Rebel scouts are watching the Yankees, who are holding back with some difficulty. Jordan and Pryor (3) say:

…from the first of January until the middle of March – with the cares of reorganization, numerous hostile demonstrations had taken place upon the outskirts of the territory intrusted to General Forrest, and as many counter movements on his side were made; but in each instance the enemy recoiled without a collision.

Meanwhile, US cavalry commander William Palmer is still in Forrest’s territory on the southern side of the Tennessee River…and still in a fighting mood. This week Palmer will engage in an action that eventually earns him a Medal of Honor.

Also, every time I check the calendar at the Lincoln Log (4), it saddens me to see how time is running out for the president of the United States. I really dislike having to deal with the Lincoln conspirators here, but that ugly tragedy is inextricably associated with, though completely different from, the ending months of the Civil War. And this week, per Kauffman (24), John Wilkes Booth is refining his plans, which still apparently involve kidnapping US President Lincoln and holding him hostage for the release of Confederate prisoners. (As I’ve mentioned, there are some very detailed accounts of the conspirators’ movements during the first four months of the year, but Kauffman has done intensive research and reports that many dates are vague.
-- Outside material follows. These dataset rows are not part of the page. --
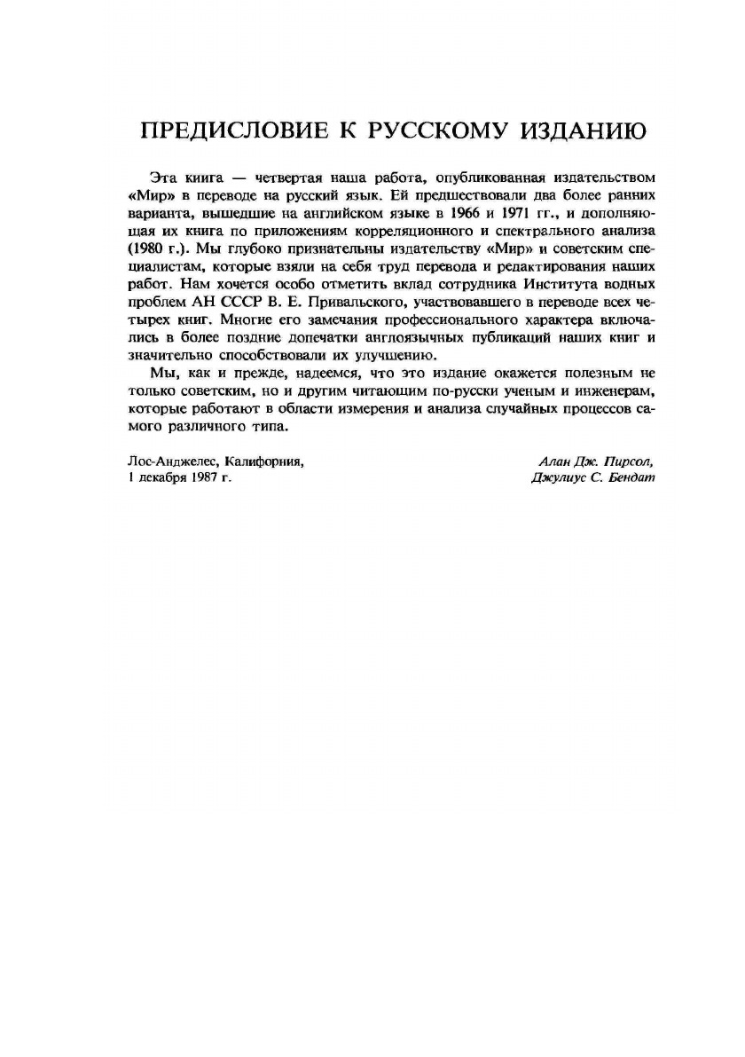 Монография известных специалистов из США, посвященная проблемам сбора и предварительной обработки данных, оценке спектральных плотностей, ковариационных и передаточных функций, использованию этих характеристик для решения прикладных задач, в частности идентификации систем, определения числа трактов распространения случайных сигналов, выделения периодических составляющих.
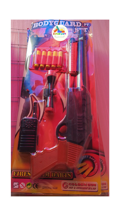 این محصول دارای تیر های فومی بوده که کاملا بی خطر است و میتواندفرزندان شما را ساعت ها سرگرم کند، نحوه مسلح کردن کاملا شبیه به نمونه واقعیست. این کالا بر خلاف محصولات چینی موجود در بازار از مواد درجه یک تولید شده است که سلامت فرزندان شما را حفظ می کند، همراه این تفنگ 5 عدد تیر فومی داخل غلاف و همچنین بی سیم و یک دوربین می باشد.
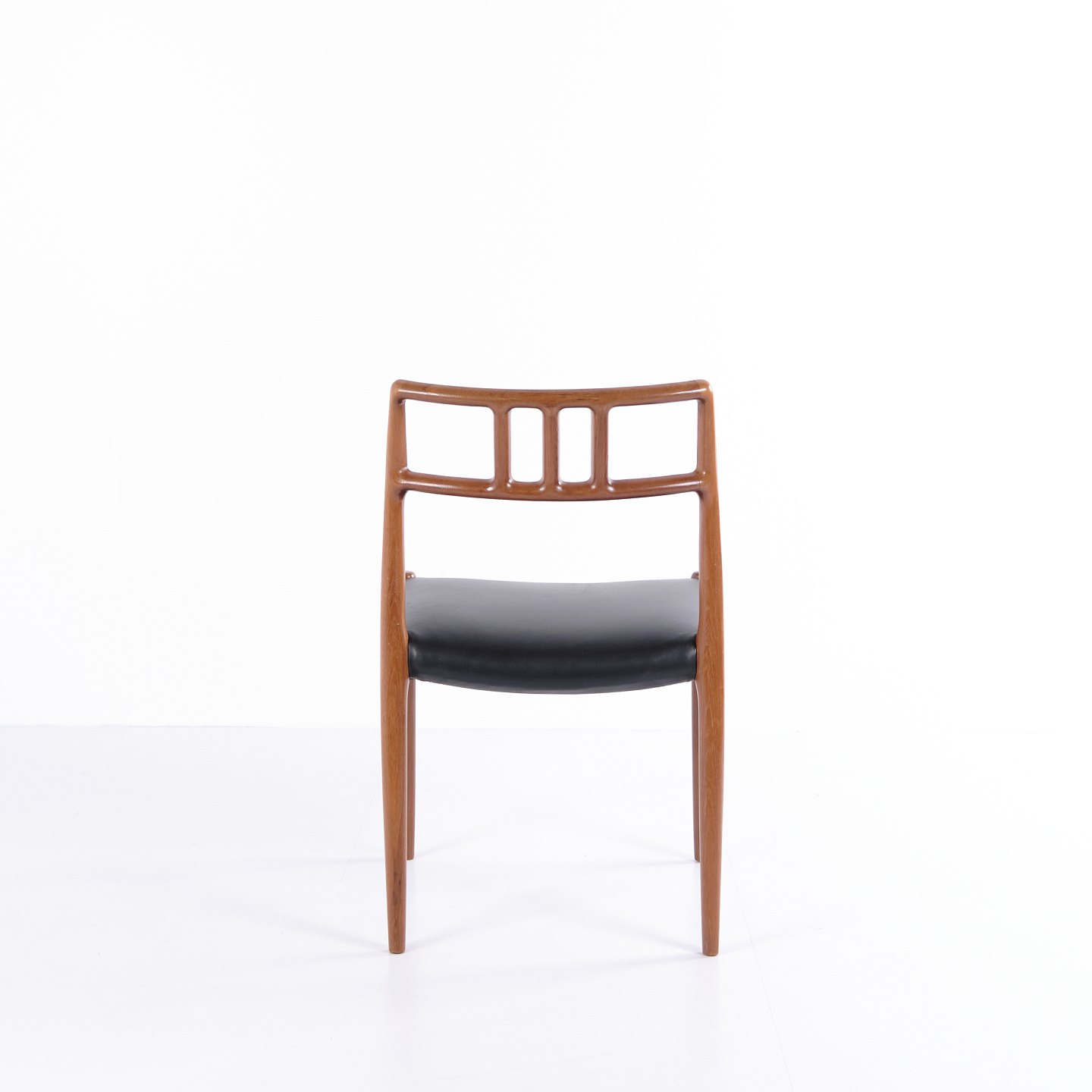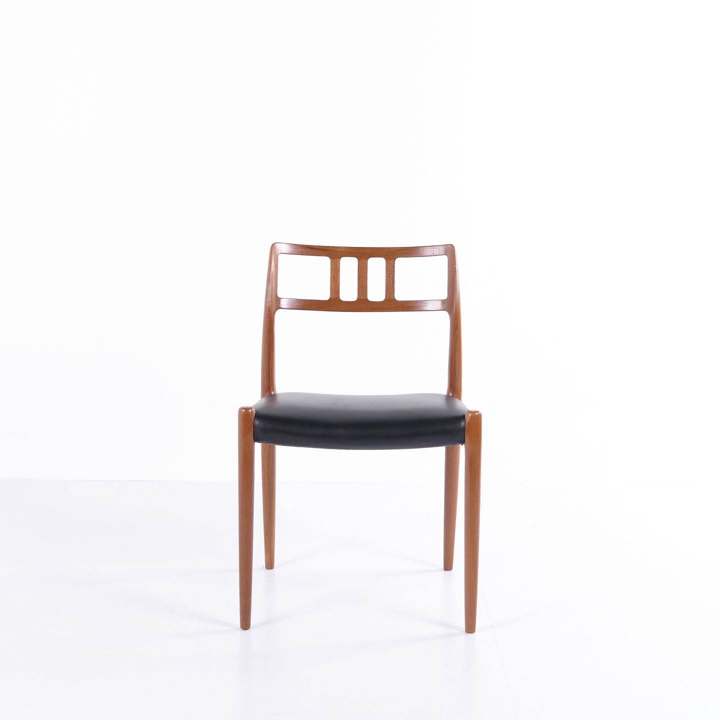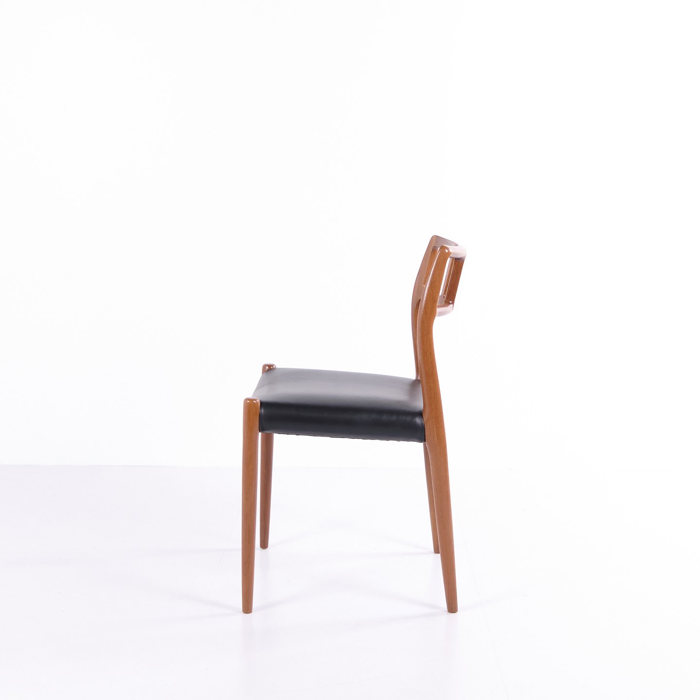 Dining chair model 79, designed by Niels Otto Møller and produced by JL Møllers Møbelfabrik in the 1960s. Made in teak with a black leather seat. A classic Møller design known for craftsmanship and elegant form.

While he certainly doesn’t contradict other writers, experience tells me that uncertainty about dates is a very common historical finding, so for that reason as well as for consistency, I’ll rely on him for these timeline reports unless it’s necessary to give an event that is vital but undated by Kauffman. Be aware that some of the links you will visit may say different things from what you’ve read here.)

Booth plans to use Dave Herold as an “all-purpose utility man,” in Kauffman’s words. Sam Arnold and Michael O’Laughlen will do the kidnapping. Tom Harbin and John Surratt will cover the route to Richmond.

Fort Fisher was huge, and very sturdily built.  This is just one section of the massive structure...after an intense heavy bombardment.  (Library of Congress)

Fort Fisher was huge, and very sturdily built. This is just one individual unit of the massive structure…after an intense bombardment. (Library of Congress)

January 12

Military events: General Forrest establishes his headquarters at Verona, Mississippi. (3)

North Carolina operations/Fort Fisher: “‘The great armada,’ as Colonel Lamb described Rear Admiral Porter’s fleet, got underway from Beaufort, North Carolina, where a rendezvous had been made with 8,000 Union troops under the command of Major General Terry. The fleet, up to that time the largest American force to be assembled under one command, proceeded along the Carolina coast northeast of Wilmington and arrived off Fort Fisher the same night. Preparations were made for commencing a naval bombardment the following morning and for the amphibious landing of 10,000 soldiers, sailors, and Marines.” (29, including quote)

CS President Davis writes to his brother-inlaw, General Richard Taylor, commander of the Department of Alabama and Mississippi, that (31):

“(William T.) Sherman’s campaign has produced bad effect on our people, success against his future operations is needful to reanimate public confidence. (General William) Hardee requires more aid than (General Robert E.) Lee can give him, and (General John Bell) Hood’s army is the only source to which we can now look.” Davis said Taylor should keep some troops to hold Major General George H. Thomas at bay, but the main part of the western forces should be sent “to look after Sherman.”

Luce went on to become an admiral.

Luce went on to become an admiral.

January 13

Battles: North Carolina operations: The Second Battle of Fort Fisher begins. See source 29 for some details on the naval and amphibious landing portions of the battle.

Military events: General Hood resigns his command of the Army of Tennessee. (25)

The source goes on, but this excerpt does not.